Hello, Helltech!

A ship is sailing due North. At a certain point the bearing of a lighthouse

that is 12 miles away is found to be N 39° E.

Later the bearing is determined to be N 44° E.

How far, to the nearest tenth of a mile, has the ship traveled?
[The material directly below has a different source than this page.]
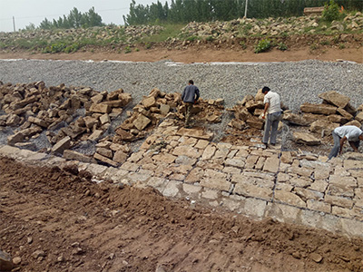 石材規(guī)格質(zhì)量必須符合設(shè)計(jì)要求; 嚴(yán)禁在單個(gè)網(wǎng)格中填充石材,石材必須均勻地填充到一組網(wǎng)格墊的每個(gè)網(wǎng)格中。填充石材可以一次填充高度,間隙用小碎石填充,應(yīng)采取適當(dāng)?shù)膿v固措施,以確保箱內(nèi)填充材料的密實(shí)度; 填充石的頂面應(yīng)適當(dāng)高于護(hù)墊;填充石的容重必須 ≥1.70t/m3 。
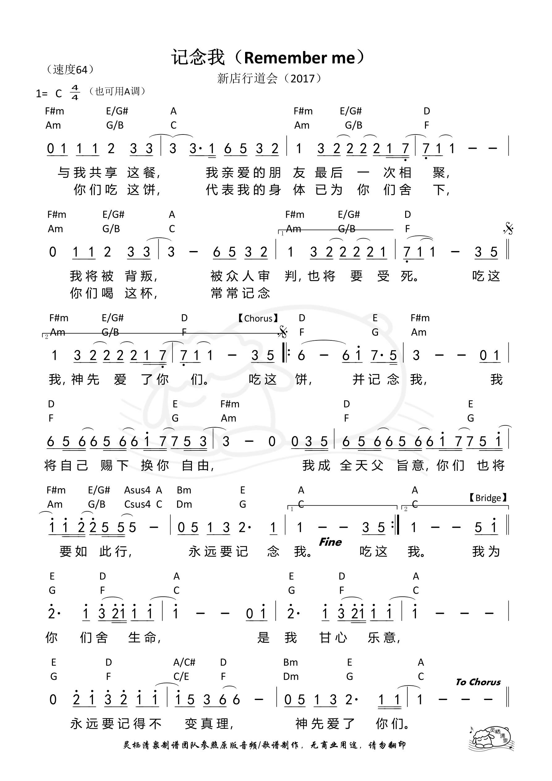 > 记念我 Remember me 新店行道会 第845首

Code:

N o L
| * *
| * *
| * 5°*
| * *
| * *
| * *
| 44° * *
| * * 12
B o 136° *
| *
x | *
|39°*
| *
A o

The lighthouse is at $\displaystyle L.$

When the ship is at $\displaystyle A,\:\angle NAL = 39^o\text{, and }AL = 12$

When the ship is at $\displaystyle B,\:\angle NBL = 44^o\quad\Rightarrow\quad \angle LBA = 136^o$

We want: .$\displaystyle x \:=\:AB$

In $\displaystyle \Delta ABL,\;\angle BLA \:=\:180^o - 136^o - 39^o \:=\:5^o$

Law of Sines: . $\displaystyle \frac{x}{\sin5^o} \:=\:\frac{12}{\sin136^o} \quad\Rightarrow\quad x \:=\:\frac{12\sin5^o}{\sin136^o} \:=\:1.505587433$

Therefore, the ship traveled about 1.5 miles.